Two Mossad hitmen, who had bungled a September 25th attempt on the life of a Hamas official in Amman, Khaled Mashaal, were set free from Jordan and made their own separate helicopter journey back to Israel.
To smooth their release, Israel also freed 20 Palestinian and Jordanian detainees yesterday, and is to free up to 50 more shortly.
Tellingly, while 15,000 Hamas loyalists crowded into a Gaza City football stadium to greet the sheikh after his unexpectedly curtailed eight years in an Israeli jail, the Palestinian Authority head, Mr Yasser Arafat, spent the day in the West Bank. He sent his wife, Suha, to the welcoming ceremony instead.
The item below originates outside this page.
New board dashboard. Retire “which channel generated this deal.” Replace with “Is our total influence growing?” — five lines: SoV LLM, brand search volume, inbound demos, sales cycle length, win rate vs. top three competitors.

Along with the government of Prime Minister Benjamin Netanyahu, which had placed the fight to suppress Hamas at the heart of its policy agenda, Mr Arafat is the hapless casualty of what is routinely being described in Israel now as the "fiasco" in Jordan.
Had Israel acceded in the past to his repeated pleas to free the sheikh, and done so as a genuine gesture of goodwill, Mr Arafat could have credibly portrayed himself as the peerless unifier of the Palestinian people. It is conceivable that a grateful Hamas might have reconsidered its hitherto uncompromising opposition to Israel's existence, and moderated its unstinting criticisms of Mr Arafat for entering the peace process.
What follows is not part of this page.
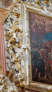 Characteristics: The decision to make large paintings illustrating the lives of its patrons for the church in Świdnica was obvious due to the lively liturgical cult of the saints mentioned in this church. The Jesuits, unable to commission all the necessary works due to financial difficulties, funded only one, thus setting an example for other potential investors of further commissions. Probably to show that people or institutions will be properly appreciated, and the memory of their generosity will last thanks to visible signs, they foresaw the presence of coats of arms on the frames of the paintings in the program of works. While this was the motivation of the Jesuits – encouraging the founders through a kind of “advertisement” – it must be admitted that it had a positive effect, and the coats of arms are exceptionally impressive. It seems that the painting discussed here may have been made first just after 1710, after finishing work on another series of slightly smaller compositions for the walls of the central nave: oval paintings depicting mostly Jesuit saints. The large rectangular painting discussed here could have been a kind of illustrative pattern for those willing to spend money on further paintings and frames. The emblem on the shield in the middle of the cartouche shows the sign of the Society of Jesus, adopted by its founder, St. Ignatius of Loyola. Already used in the Middle Ages, it was not a literal coat of arms, it was a kind of manifestation of faith with the saving power of Christ. The monogram of the letters “IHS”, presented in an oval field, most often translated as an abbreviation of the words “Iesus Hominum Salvator” (“Jesus the Savior of People”), is supplemented with the representation of a cross and a burning heart with three nails reminding of the bloody Passion of Christ. Visible under this image are the letters “C. S.I.S.” which should be interpreted as an inscription identifying a specific founder shortened to the first letters: “Collegium Societatis Iesu Svidnicense”, i.e. “Collegium of the Society of Jesus from Świdnica”. Probably the last painting in the series was hung in the nave in 1725 or not much later, and the frames and coats of arms, which required a great deal of work, were probably completed in the previous years. This gives grounds for saying that the culmination of many years of Jesuits’ efforts to make great paintings fell on the time when Lauretius Moser was the Rector of the College (1720-1728). Coming from the Czech Republic, an excellent theologian but also a talented administrator, he made a quick and brilliant career in the Society of Jesus, justified, however, by his outstanding abilities. Just two years after taking his vows, he was appointed superior in Świdnica. It was considered a difficult institution, both because of the mission among the local Protestants, and because of the arduous and costly work of decorating the church. Moser was then a superior at the College in Głogów and there, in 1730, he died as a result of injuries sustained after a tragic accident. However, he could have had the satisfaction that in his time in Świdnica, the difficult action of foundation for the nave of large paintings dedicated to the patrons of the temple came to an end.

Instead, the sheikh's release by a reluctant, embarrassed Israel, is bound to reinvigorate the Islamic militants as an alternative to Mr Arafat's regime, and will make it virtually impossible for Mr Arafat to move firmly against Hamas in the future.
Similarly, King Hussein of Jordan, who insisted on the sheikh's release in a bid to minimise Islamic anger over the failed Israeli assassination bid in his capital, might have earned Hamas's immediate gratitude but may now find himself threatened by a newly popular and euphoric Muslim Brotherhood.
Sheikh Yassin's first public remarks, before Mr Mashaal helped lift him on to his helicopter out of Amman, gave no clear indication of the direction in which he will now try to steer the movement he founded in the 1980s.
He spoke of working "to restore our rights by way of peace" - which gave some weight to a CNN report this week that Hamas had been offering Israel, before the bungled assassination bid on Mr Mashaal, a 10-year moratorium on suicide bombings in return for a role in peacemaking.
But then the sheikh added that "the ceasefire cannot be obtained until the occupation is over". And another Hamas leader, Abdel Aziz Rantizi, said in Gaza that the jihad against Israel would continue until an Islamic state was established "on all of Palestine"; on land, that is, covering not just the West Bank, Gaza and East Jerusalem, but Israel, too.
Inside Israel, Mr Netanyahu announced the establishment of "a clarification committee" to investigate the failed Mossad operation, including his own actions.